What you produce should match the records exactly, line for line.

═══

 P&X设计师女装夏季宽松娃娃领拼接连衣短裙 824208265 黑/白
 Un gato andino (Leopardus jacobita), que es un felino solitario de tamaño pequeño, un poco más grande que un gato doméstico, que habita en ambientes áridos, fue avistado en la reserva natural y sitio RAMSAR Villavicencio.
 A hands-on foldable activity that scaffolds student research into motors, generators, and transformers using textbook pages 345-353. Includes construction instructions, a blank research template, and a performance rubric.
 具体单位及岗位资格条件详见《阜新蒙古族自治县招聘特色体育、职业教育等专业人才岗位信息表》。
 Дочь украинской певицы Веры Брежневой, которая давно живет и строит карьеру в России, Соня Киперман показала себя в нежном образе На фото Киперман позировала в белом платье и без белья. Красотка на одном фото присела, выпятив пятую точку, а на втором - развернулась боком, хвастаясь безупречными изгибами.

═══

• **Expected answer**
 P&X设计师女装夏季宽松娃娃领拼接连衣短裙 824208265 黑/白
 Un gato andino (Leopardus jacobita), que es un felino solitario de tamaño pequeño, un poco más grande que un gato doméstico, que habita en ambientes áridos, fue avistado en la reserva natural y sitio RAMSAR Villavicencio.
 A hands-on foldable activity that scaffolds student research into motors, generators, and transformers using textbook pages 345-353. Includes construction instructions, a blank research template, and a performance rubric.
 具体单位及岗位资格条件详见《阜新蒙古族自治县招聘特色体育、职业教育等专业人才岗位信息表》。
 Дочь украинской певицы Веры Брежневой, которая давно живет и строит карьеру в России, Соня Киперман показала себя в нежном образе На фото Киперман позировала в белом платье и без белья. Красотка на одном фото присела, выпятив пятую точку, а на втором - развернулась боком, хвастаясь безупречными изгибами.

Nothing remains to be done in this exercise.